Input data:
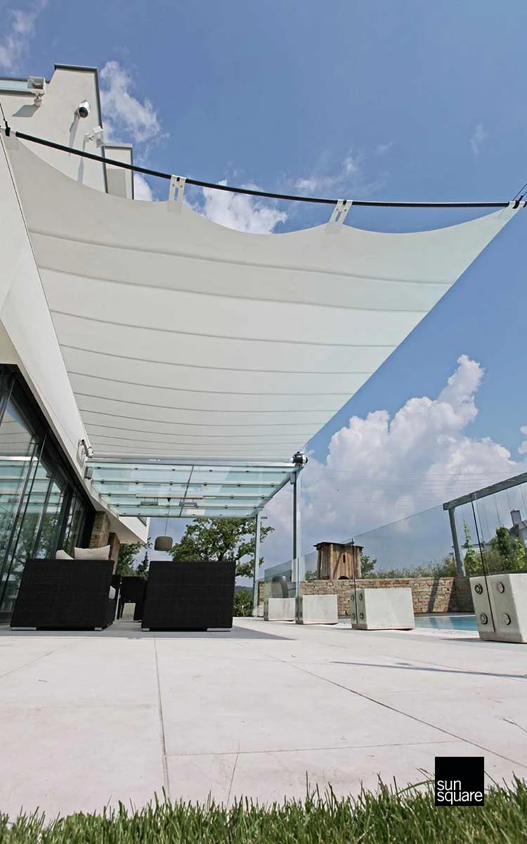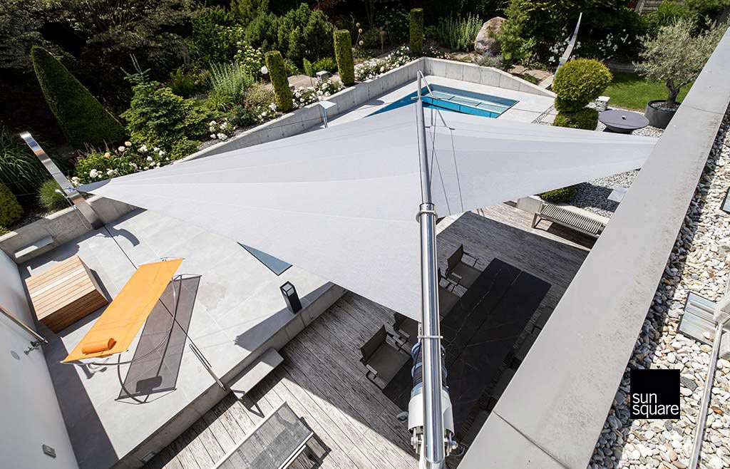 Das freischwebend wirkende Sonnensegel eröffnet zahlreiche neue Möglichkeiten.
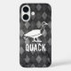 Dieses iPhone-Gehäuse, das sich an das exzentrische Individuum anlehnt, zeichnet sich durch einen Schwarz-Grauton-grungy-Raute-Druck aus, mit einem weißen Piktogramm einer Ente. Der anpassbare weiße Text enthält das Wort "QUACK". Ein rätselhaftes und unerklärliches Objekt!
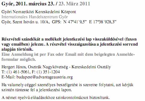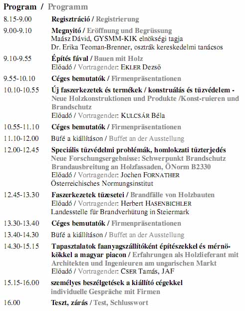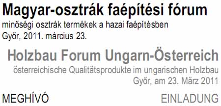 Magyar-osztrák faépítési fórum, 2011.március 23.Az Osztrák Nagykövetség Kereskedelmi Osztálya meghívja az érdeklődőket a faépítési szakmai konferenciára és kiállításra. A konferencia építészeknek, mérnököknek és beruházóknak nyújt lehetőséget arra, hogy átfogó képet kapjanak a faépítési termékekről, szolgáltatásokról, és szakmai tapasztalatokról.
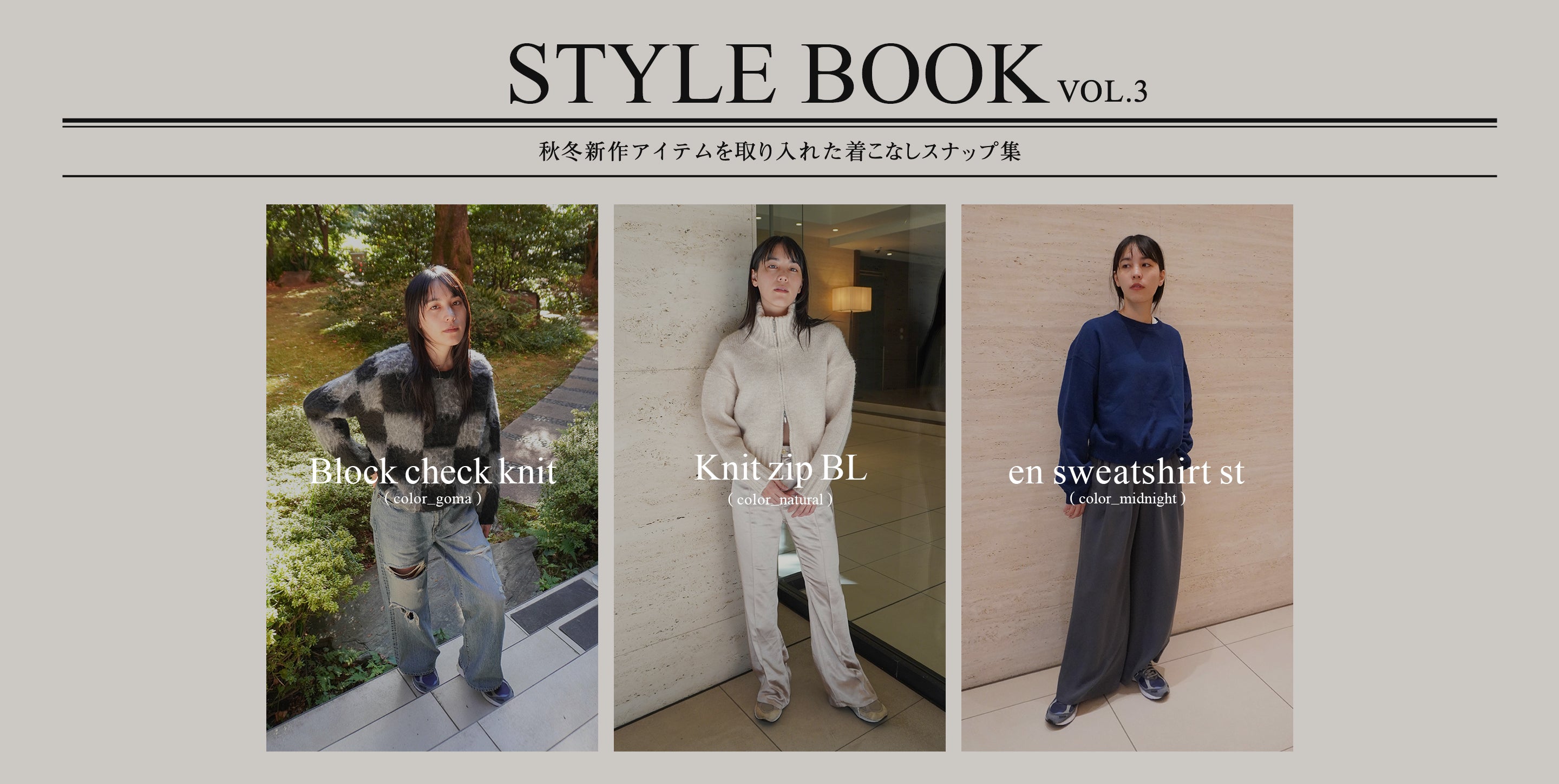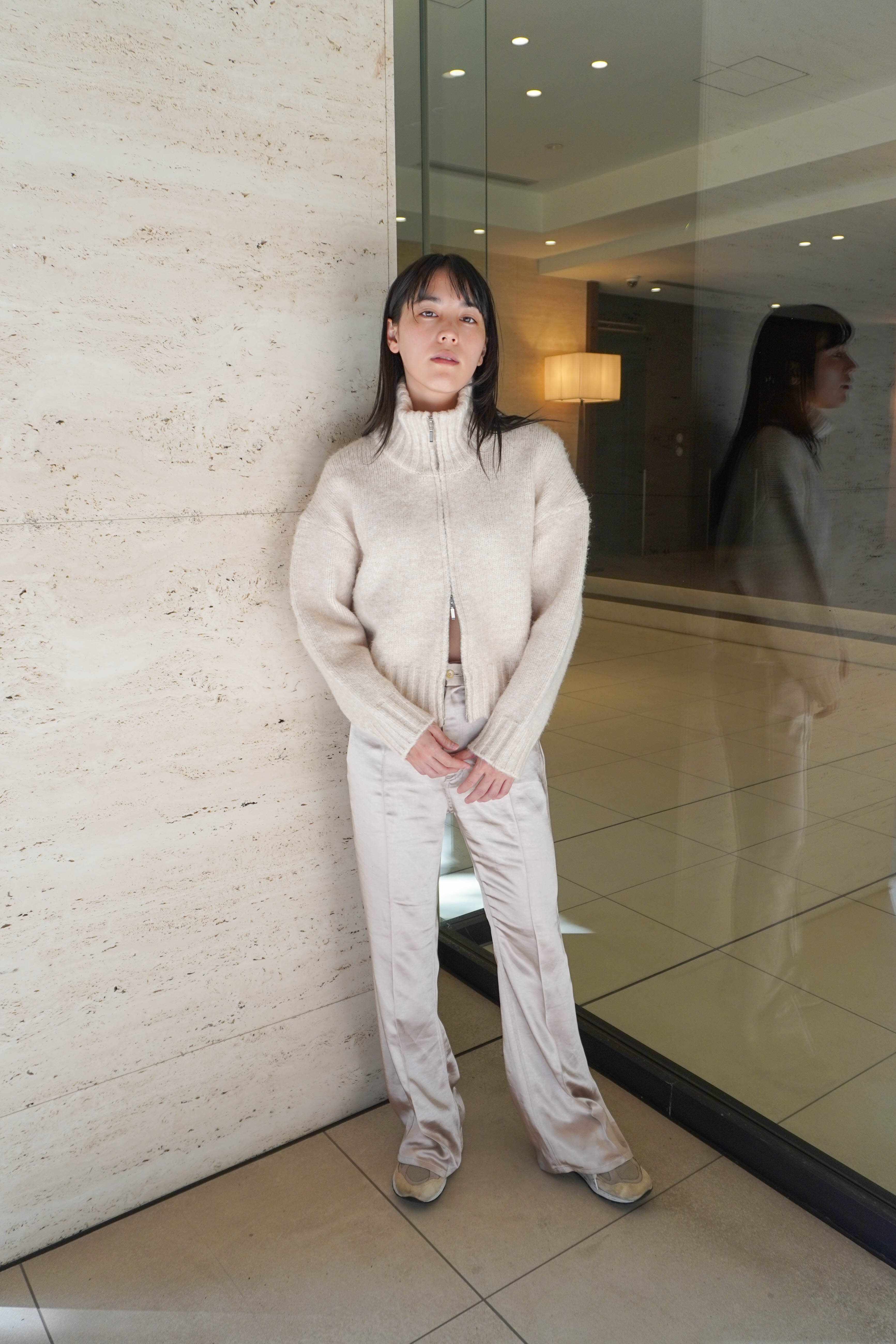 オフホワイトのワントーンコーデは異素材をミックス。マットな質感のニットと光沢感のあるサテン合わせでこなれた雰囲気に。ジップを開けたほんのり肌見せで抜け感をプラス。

About this task: Set down all of the data word for word; no pictures belong in it.

Reply to the exercise:
 Das freischwebend wirkende Sonnensegel eröffnet zahlreiche neue Möglichkeiten.
 Dieses iPhone-Gehäuse, das sich an das exzentrische Individuum anlehnt, zeichnet sich durch einen Schwarz-Grauton-grungy-Raute-Druck aus, mit einem weißen Piktogramm einer Ente. Der anpassbare weiße Text enthält das Wort "QUACK". Ein rätselhaftes und unerklärliches Objekt!
 Magyar-osztrák faépítési fórum, 2011.március 23.Az Osztrák Nagykövetség Kereskedelmi Osztálya meghívja az érdeklődőket a faépítési szakmai konferenciára és kiállításra. A konferencia építészeknek, mérnököknek és beruházóknak nyújt lehetőséget arra, hogy átfogó képet kapjanak a faépítési termékekről, szolgáltatásokról, és szakmai tapasztalatokról.
 オフホワイトのワントーンコーデは異素材をミックス。マットな質感のニットと光沢感のあるサテン合わせでこなれた雰囲気に。ジップを開けたほんのり肌見せで抜け感をプラス。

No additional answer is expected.